The Navy’s FY ‘24 budget request seeks to retire the USS Cowpens (CG-63), Shiloh (CG-67), and Vicksburg (CG-69) Ticonderoga-class guided-missile cruisers two to three years earlier than expected; USS Germantown (LSD-42), Gunston Hall (LSD-44), and Tortuga (LSD-46) amphibious dock landing ships two to six years earlier than planned; and the Independence-class Littoral Combat Ships USS Jackson (LCS-6) and Montgomery (LCS-8). The service was already planning to also retire the USS Antietam (CG-54) and Leyte Gulf (CG-55) cruisers and the USS San Juan (SSN-751) Los Angeles-class attack submarine in FY ‘24.

The HASC seapower and projection forces subcommittee’s mark would not let the Navy retire or inactivate the USS Germantown, Gunston Hall and Tortuga LSDs; USS Shiloh and Cowpens cruisers; and overall prevent the Navy from retiring more than three other guided-missile cruisers but also allows the Navy to retire any additional Littoral Combat Ships (LCS) it wants (Defense Daily, June 12).

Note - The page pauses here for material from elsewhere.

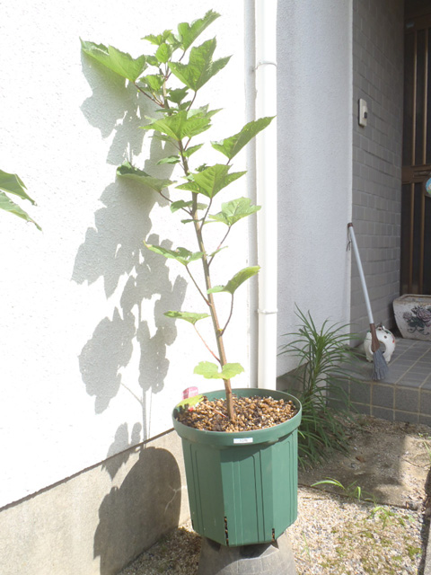 今年の新梢がどんどん伸びて6号鉢では支えきれない感じになって来ました。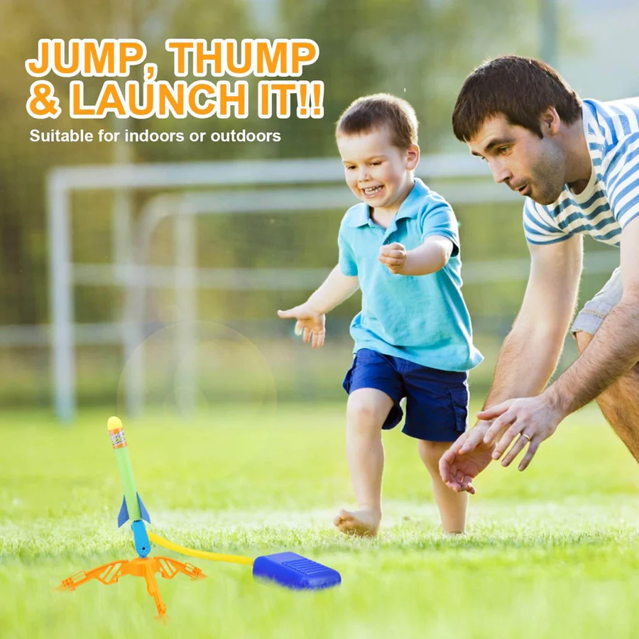 - DURABLE TOY ROCKETS AND LAUNCHER – Our kids rocket launcher toy is durably designed to sustain countless jumps and stomps. But just in case you manage to lose or break one of the rockets, it comes with 6 of them which can crash into things without breaking or damaging what they hit. Safe enough for inside, but they launch far enough for outside!

However, the House Appropriations Committee’s defense bill mark restricts the Navy from decommissioning any LCS, the Germantown or the Tortuga but would allow the Navy to retire any of the aging cruisers.

The Navy earlier tried retiring CG-69, LSD-42, LSD-44 and LSD-46 in FY ‘23, but Congress prohibited them from doing so.

Members of Congress have sought to retain some cruisers through their expected 35-year service lives to maintain a higher number of vertical launch system (VLS) missiles and amphibious ships to keep the minimum of 31 vessels. However, top Navy officials argue many of these ships have been previously overworked and under-serviced during the Iraq and Afghanistan wars, leading to more difficulties in maintaining them.

In March, Secretary of the Navy Carlos Del Toro said many of these ships are aging out of their usefulness and the Navy cannot deploy the VLS cells if the ships keep getting stuck in maintenance piers. However, Del Toro said of the five cruisers the Navy wants to retire, he sees utility in investing resources into three of them to extend their lives to another one to two deployments each (Defense Daily, March 28)

Del Toro insisted the CG-63 and CG-69 are not salvageable, regardless of how much money is put into them, but at least LSD-46 can use funds to complete its maintenance availability and be useful. He also noted LSD-42 is beyond saving, like the two cruisers.